True, since when other non-Christian missions attempt to do the same the result is not comparable, and some even lead Africans to worse conditions (and with the wrong un-modern kind of education). And by the way, much of what is referred to as 'secular' had in fact Christians and Jews behind it, and not necessarily contrary to the basic teachings of Christianity. Modern science was created in a Judeo-Christian environment. Many of the secular discoveries are in fact about the world that God has created, so need not be entirely 'un-Christian'. (E.g., Newton's theory of gravity may be considered 'secular' but Newton's purpose was to understand the workings of God's creation.) (Of course, these happened with many debates and disagreements among Christians, which was the usual process right from Christianity's, and Judaism's, earliest days: search the scriptures, search God's creation.)
Christianity, post-Reformation and post-Luther, with its teaching of a direct, personal, two-way link between the individual and God, unmediated by the collective, and unsubordinate to any other human being, smashes straight through the philosphical/spiritual framework I've just described. It offers something to hold on to to those anxious to cast off a crushing tribal groupthink. That is why and how it liberates.

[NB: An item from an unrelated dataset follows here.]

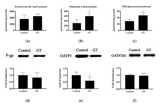 The activities of testosterone 6β-hydroxylation (CYP3A) (a), midazolam 1-hydroxylation (CYP3A) (b), and UDP-glucuronosyltransferase (c) and protein expression of P-gp (d), OATP2 (e) and OATP2B1 (f) in the liver. The analytical methods are described in Materials and Methods. The values are given as the mean ± SD (n = 6). * Significantly different from the control group, p < 0.05.

That is why I would consider cultural relativism a failure. The very fact that one culture can grow more prosperous, healthy, educated, and more faith-filled than another is an indication that one culture can supersede another. (Even within Darwinian evolution there is a recognition that a species can evolve and develop to a more superior stage.) We too have grown up from our older ways, our older cultures, we learned from them, and adapted to newer values. The fact that Christianity, even in its diverse forms, has been a thriving force for growth and success (even if thru internal strife) for 2000 years, and still is today as strong as ever (among 2 billion of today's population) is a real testament to its spirit.